_Material provided_
::::
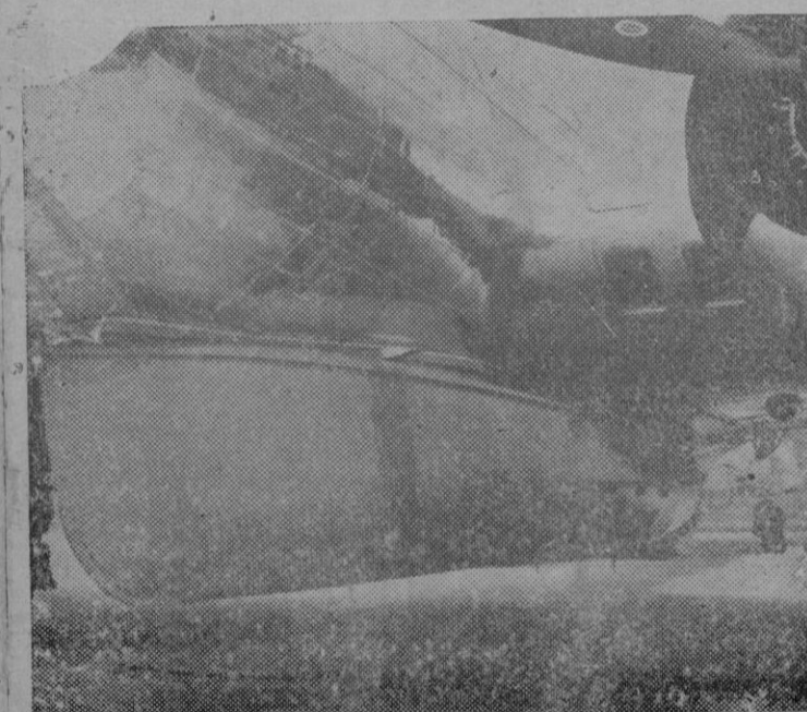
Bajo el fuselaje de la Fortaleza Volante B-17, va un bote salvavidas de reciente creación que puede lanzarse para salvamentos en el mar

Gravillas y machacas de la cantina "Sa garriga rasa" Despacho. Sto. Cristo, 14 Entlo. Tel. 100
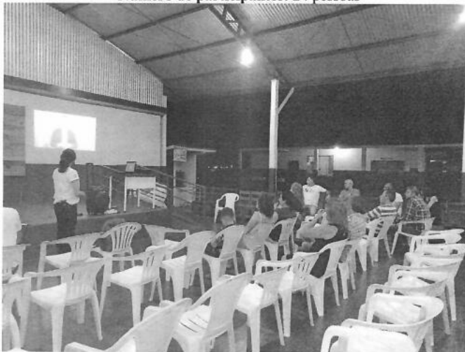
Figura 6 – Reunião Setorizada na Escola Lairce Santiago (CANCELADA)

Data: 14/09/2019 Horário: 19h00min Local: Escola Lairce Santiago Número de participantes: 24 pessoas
::::
_Directions_
Return the lines above exactly; the images are not part of the copy.

_Completed exercise_
Bajo el fuselaje de la Fortaleza Volante B-17, va un bote salvavidas de reciente creación que puede lanzarse para salvamentos en el mar

Gravillas y machacas de la cantina "Sa garriga rasa" Despacho. Sto. Cristo, 14 Entlo. Tel. 100
Figura 6 – Reunião Setorizada na Escola Lairce Santiago (CANCELADA)

Data: 14/09/2019 Horário: 19h00min Local: Escola Lairce Santiago Número de participantes: 24 pessoas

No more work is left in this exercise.